▶ [Task data]
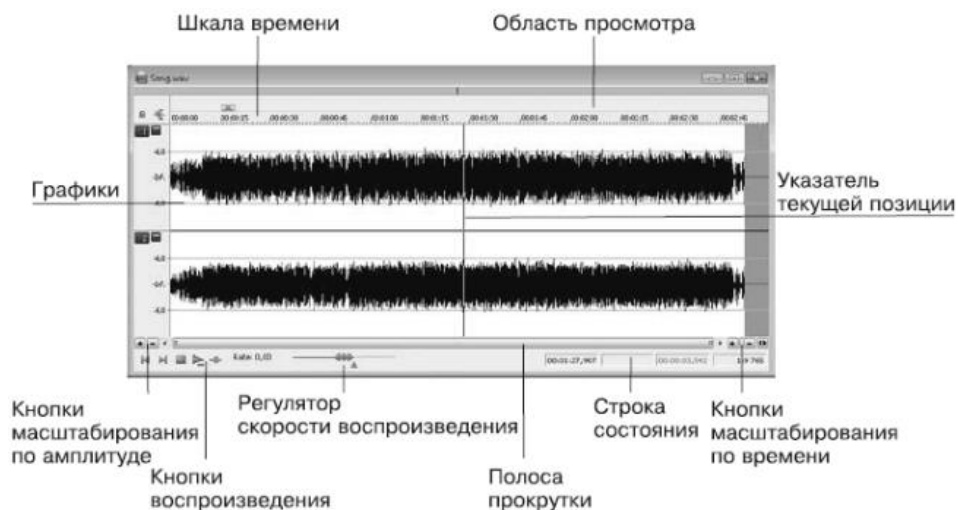
Рис. 4. Окно данных

В верхней части окна данных размещается Шкала времени , которая по умолчанию отградуирована в часах, минутах, секундах и тысячных долях секунды. Над шкалой времени находится полоса, на которой показываются значки установленных маркеров и областей, а также линия, отмечающая текущее положение, – область просмотра . В области просмотра всегда показывается весь файл, от начала и до конца, независимо от выбранного масштаба отображения графика. Большую часть окна занимают графики – изображения данных. Если открыта монофоническая (одноканальная) запись, то показывается один график; при стереофонической (двухканальной) записи графиков будет два. Верхний график изображает левый канал, нижний – правый. Расстояние от левого края графика до правого показывает длину файла.
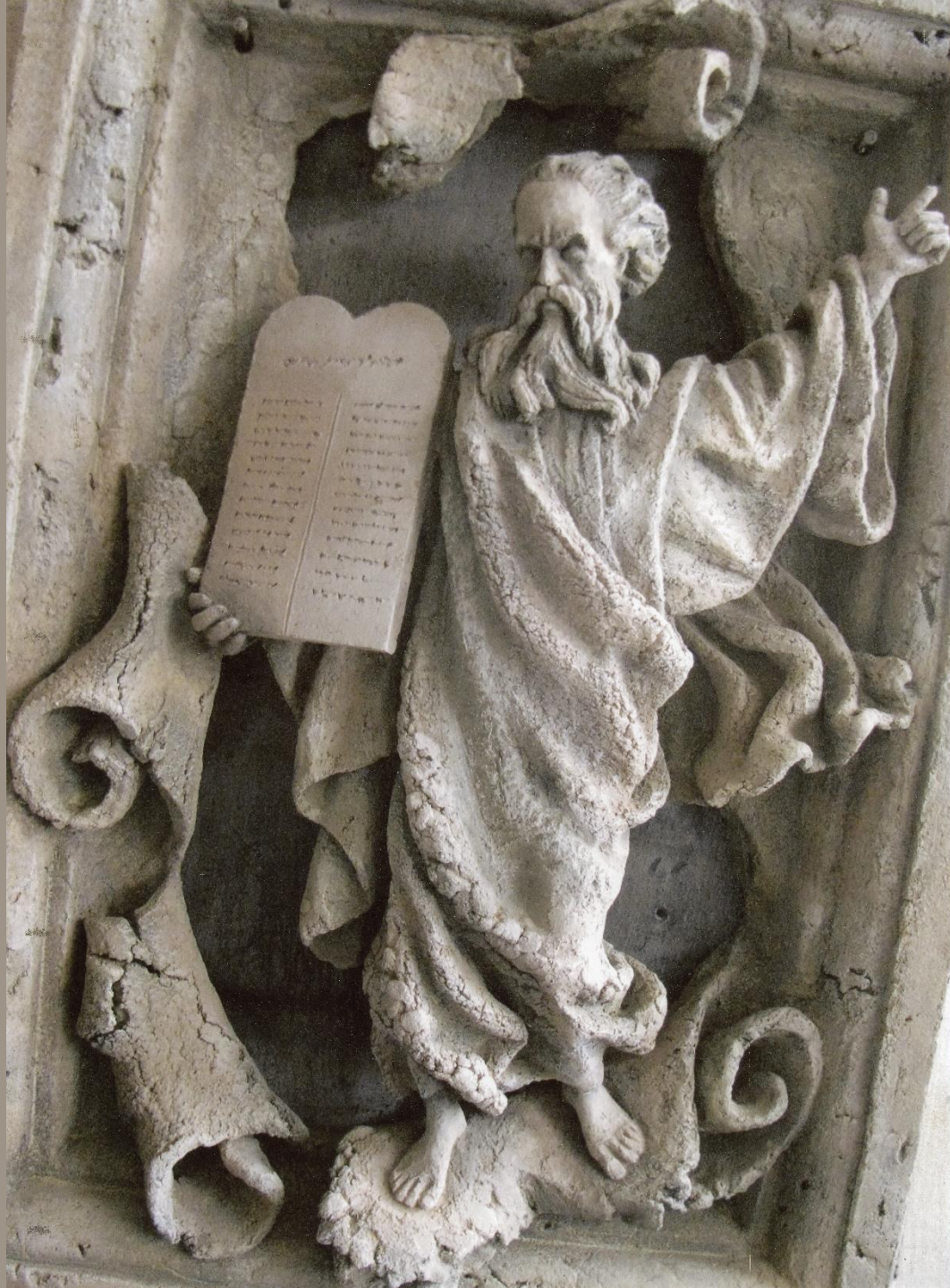
Скрижали Моисея Шамот
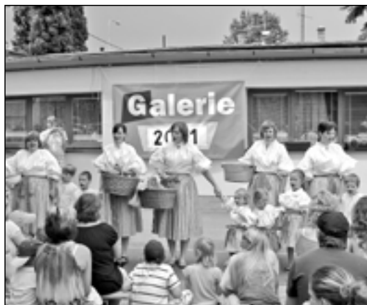
Maminky s dětmi při vystoupení na Galerii v červnu 2011.

ZAHAJOVACÍ SCHŮZKY, KDE SE DOMLOUVAJÍ DNY A ČASY JEDNOTLIVÝCH KROUŽKŮ, PROBĚHNOU 18. - 20. 9. 2012 DLE ROZPISU VYVĚŠENÉHO NA WEBU. PRAVIDELNÁ ČINNOST KROUŽKŮ PAK ZAČNE V TÝDNU OD 24. 9. 2012
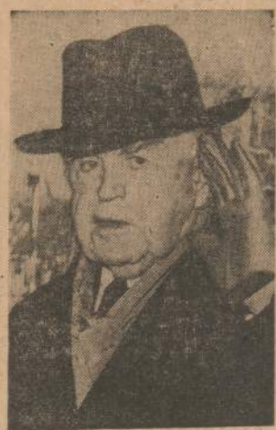
John L. Lewis, 79 metų, išbuves anglikasių unijos vadu 40 metų, pasitraukia į pensiją.

Is Liberijos prekinio laivo Amerikos karo laivas išgelbėjo 17 jūrininkų. Laivas nuskendo ties San Francisco pakraščiais.
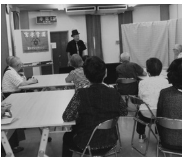
宮水学園のマジックショーにくぎ付

主な活動内容として、毎月1回の役員会、年3回の誕生会、毎週1回の西宮いきいき体操を実施。その他、サークル活動として、カラオケを週1回。また最近ブームになりつつあるポッチャを週1回、有志が集まってプレーしています。また年1回のバスツアーや奉仕活動として大畑公園の清掃、花壇の花植えと水やりなどの手入れ、維持を行っており、行き来する人々の目を楽しませています。 会員募集中です。参加をお待ちしています。
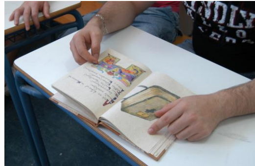
Εικόνα 10: Ξεφυλλίζοντας το Βυζαντινό Κώδικα

Τέλος, ακολούθησε η καταγραφή του προγράμματος και των δραστηριοτήτων από τις υπεύθυνες καθηγήτριες σε συνεργασία με τους μουσειοπαιδαγωγούς.
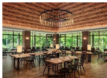
Dining & Bar LAVAROCK
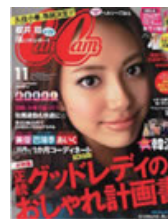
■CanCan 2011年 11月号
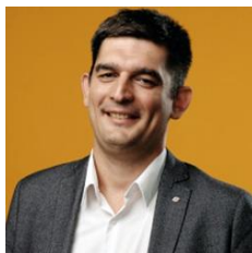
Первый заместитель председателя правительства Удмуртской Республики
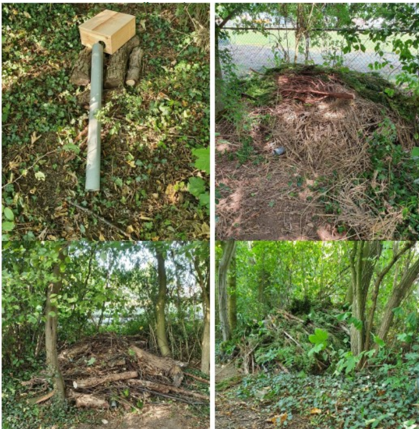
Figuur 8. Weergave marterkassen bedekt met takkenrillen aan de buitenzijde plangebied.
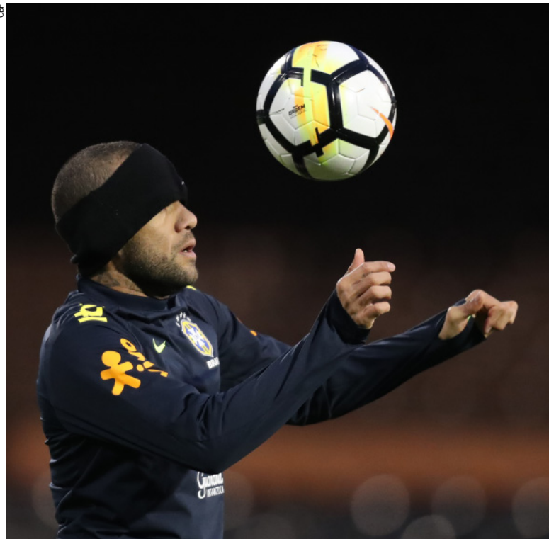
Daniel Alves será o capitão do Brasil contra a Inglaterra

A seleção brasileira volta a ter força máxima para enfrentar a Inglaterra em partida amistosa nesta terça-feira, às 18h (de Brasília), no Estádio Wembley, localizado em Londres. Para o duelo, o técnico Tite colocará em campo, pela primeira vez desde que assumiu o cargo de treinador, a equipe que considera a ideal, formada por: Alisson; Daniel Alves, Marquinhos, Miranda e Marcelo; Casemiro; Paulinho, Renato Augusto, Coutinho e Neymar; Gabriel Jesus.

▶ [Exercise prompt]
Copy word for word each line of the data above, from the first through the one containing "John L. Lewis, 79", and include no pictures.

▶ [Answer space]
Рис. 4. Окно данных

В верхней части окна данных размещается Шкала времени , которая по умолчанию отградуирована в часах, минутах, секундах и тысячных долях секунды. Над шкалой времени находится полоса, на которой показываются значки установленных маркеров и областей, а также линия, отмечающая текущее положение, – область просмотра . В области просмотра всегда показывается весь файл, от начала и до конца, независимо от выбранного масштаба отображения графика. Большую часть окна занимают графики – изображения данных. Если открыта монофоническая (одноканальная) запись, то показывается один график; при стереофонической (двухканальной) записи графиков будет два. Верхний график изображает левый канал, нижний – правый. Расстояние от левого края графика до правого показывает длину файла.
Скрижали Моисея Шамот
Maminky s dětmi při vystoupení na Galerii v červnu 2011.

ZAHAJOVACÍ SCHŮZKY, KDE SE DOMLOUVAJÍ DNY A ČASY JEDNOTLIVÝCH KROUŽKŮ, PROBĚHNOU 18. - 20. 9. 2012 DLE ROZPISU VYVĚŠENÉHO NA WEBU. PRAVIDELNÁ ČINNOST KROUŽKŮ PAK ZAČNE V TÝDNU OD 24. 9. 2012
John L. Lewis, 79 metų, išbuves anglikasių unijos vadu 40 metų, pasitraukia į pensiją.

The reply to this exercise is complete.